Paraic O’Lochlainn, vicepresidente de eMaint en Fluke Corporation, enfatiza este impulso hacia prácticas sustentables impactantes, afirmando: «Ya no hay lugar para promesas vagas u objetivos indecisos. Ahora se espera que las empresas demuestren cómo se logra la sustentabilidad en la fábrica».
El futuro del reciclaje
A pesar de algunos desafíos, las empresas están encontrando formas de reducir los residuos mediante esfuerzos de reciclaje y desarrollo tecnológico.
Scantlebury explica cómo encontrar la armonía entre producción y sostenibilidad: «Pasos simples como extender la vida útil de los equipos, reducir los embalajes innecesarios y separar adecuadamente los materiales reciclables pueden tener un impacto significativo si se adoptan de manera consistente».
Concluyó sobre el enfoque de Aqilla: «Estamos comprometidos a extender la vida útil de nuestros equipos en lugar de actualizaciones frecuentes, y solo trabajamos con socios que comparten un compromiso similar con la sostenibilidad».
O’Lochlainn está de acuerdo y señala que un mantenimiento más inteligente es clave para prolongar la vida útil. «Las empresas para mejorar el mantenimiento generalmente se argumentan desde una perspectiva financiera, y por una buena razón». Explica que incluso si las fallas de los equipos son pequeñas al principio, «con el tiempo, la probabilidad de fallas repentinas aumenta y los costos se extienden rápidamente cuando ocurren las fallas. Sin embargo, si los mismos activos se mantienen dentro de la tolerancia, el patrón parece diferente. Con menos fallas, la planta dedica menos tiempo a recuperarse y se generan desechos evitables debido a paradas y arranques de la producción».

«El mantenimiento predictivo y basado en condiciones puede ayudar a las organizaciones a prevenir fallos mayores en el futuro, pero sólo si se trata como una forma de trabajar y no como un proyecto complementario», continúa. «La próxima etapa de la fabricación sostenible dependerá menos de lo que las empresas anuncien y más de lo que los sitios puedan sostener. Si queremos que las bases de energía y las señales de alerta temprana conduzcan a una mejora sostenida, el mantenimiento no puede ser periférico a la gestión del desempeño. Tiene que ser parte de cómo operan los sitios».
Algunas empresas están tomando medidas para mejorar sus esfuerzos de reciclaje, allanando el camino para que otras sigan su ejemplo.
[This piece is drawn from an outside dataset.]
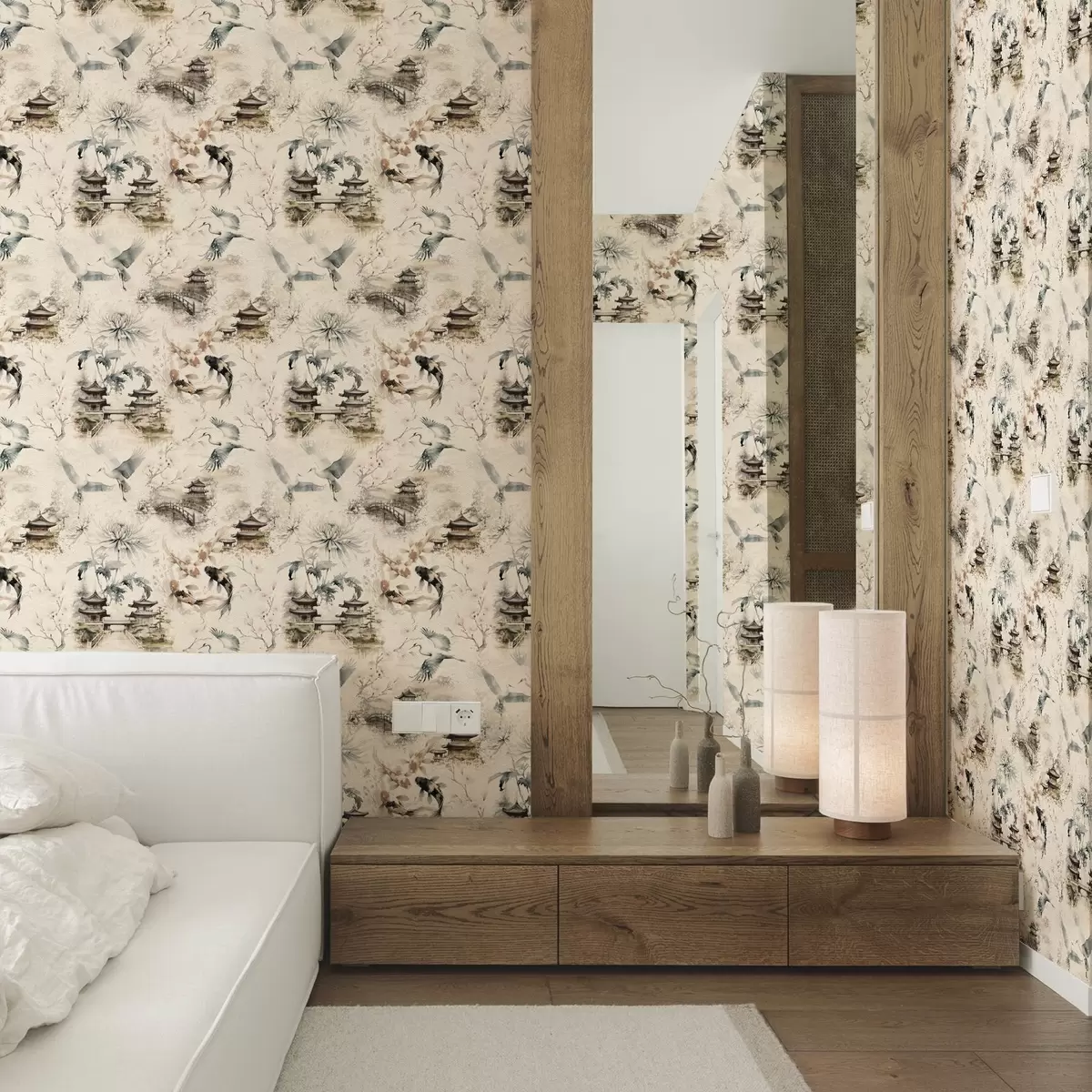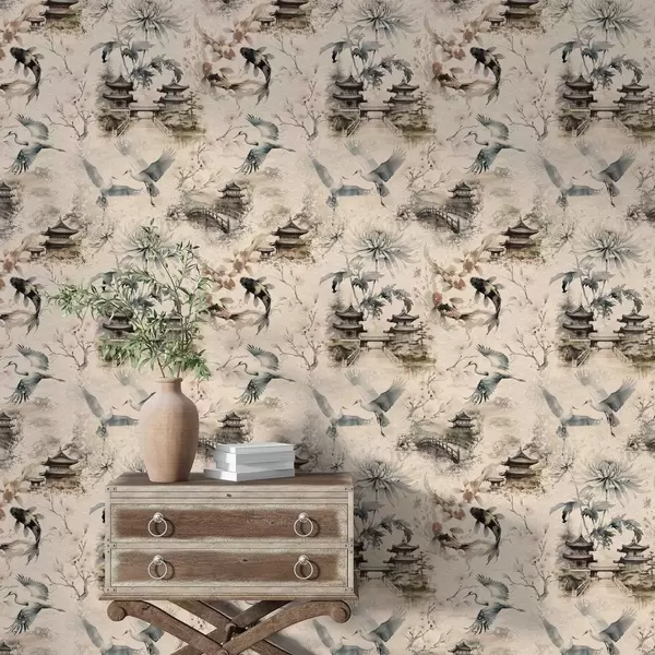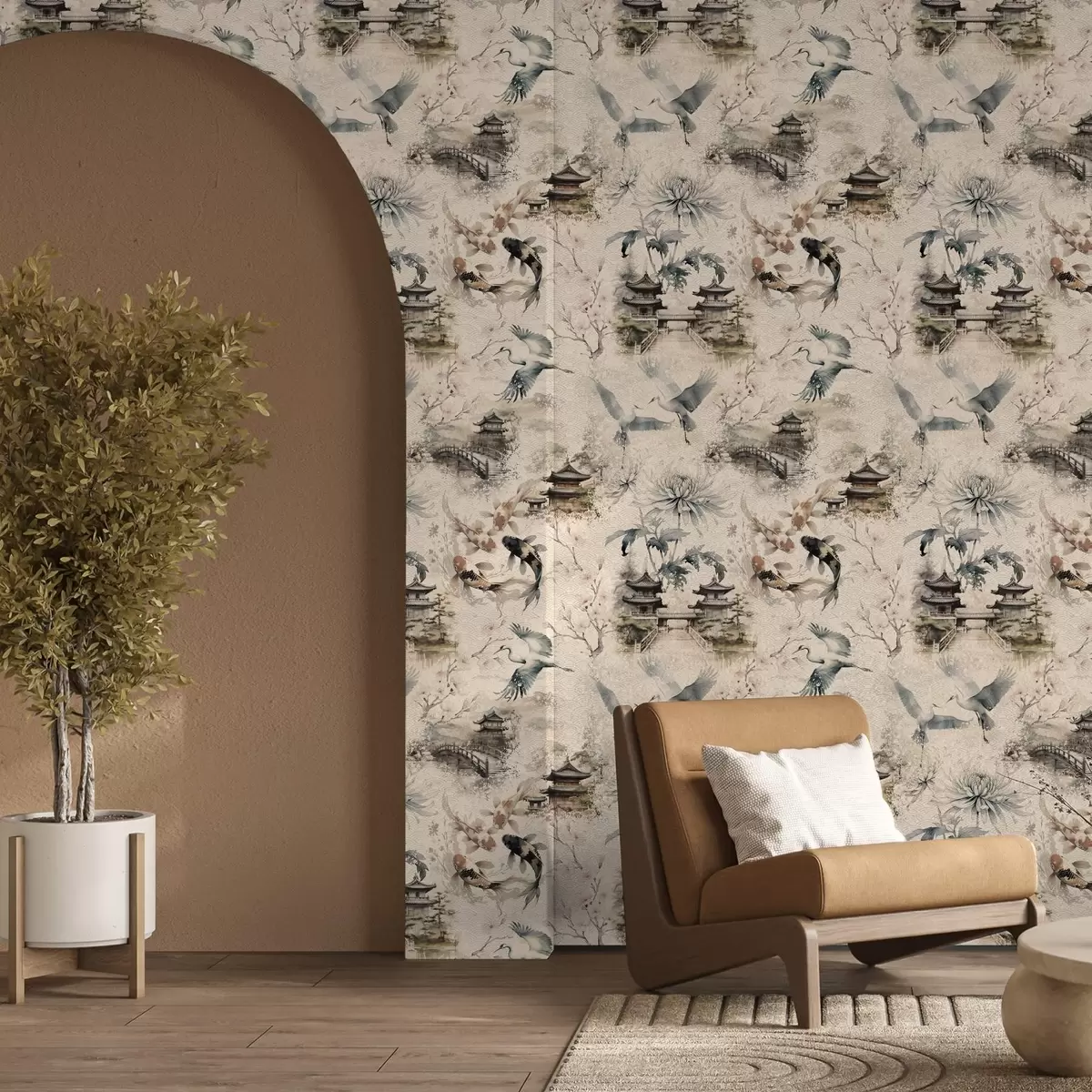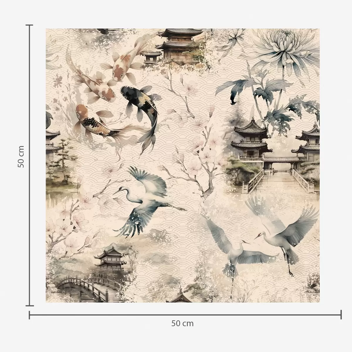 Tapety Japońskie świątynie, karpie koi i żurawie na delikatnym tle Nr. a01040

Acerca de esto, Paula Reichert, vicepresidenta del norte de Europa de AVEVA, discutió esto en el contexto del uso del agua y sugirió: «Una estrategia clave para reducir el uso de agua es el reciclaje. El procesamiento de alimentos y otras industrias de limpieza intensiva utilizan grandes cantidades de agua para limpiar materias primas y equipos. Las tecnologías de tratamiento modernas, como los biorreactores de membrana, pueden limpiar esto hasta un punto en el que se pueda reutilizar, lo que permite a las organizaciones reciclar una gran parte del agua de lavado».

Y añadió: «Esto brinda a los equipos de campo confianza y visibilidad del sistema incluso cuando se reduce el uso de agua del grifo, lo que mantiene bajas las demandas de ingeniería asociadas con el tratamiento del agua».
Reflexionando sobre el papel de la tecnología en el futuro de la sostenibilidad corporativa, Van Ghent dijo: «La tecnología está mejorando significativamente la forma en que las organizaciones abordan la sostenibilidad y acercándonos a una economía verdaderamente circular».
Y continuó: “Los sistemas impulsados por IA brindan visibilidad de extremo a extremo en todos los niveles de la cadena de suministro, lo que permite a las empresas rastrear materiales, evaluar el impacto ambiental y garantizar el cumplimiento normativo.
«Estas soluciones también reducen la complejidad y los costos de la logística inversa al identificar eficiencias de la red y respaldar la recuperación y reutilización de materiales industriales y usados».
Lai concluyó destacando por qué la convergencia del reciclaje y la tecnología es esencial: «En un año en el que las inversiones en IA están en el punto de mira, el Día Mundial del Reciclaje es un recordatorio de que la resiliencia depende de la gestión de los recursos. Los avances tecnológicos y el pensamiento circular no deben competir, deben progresar juntos».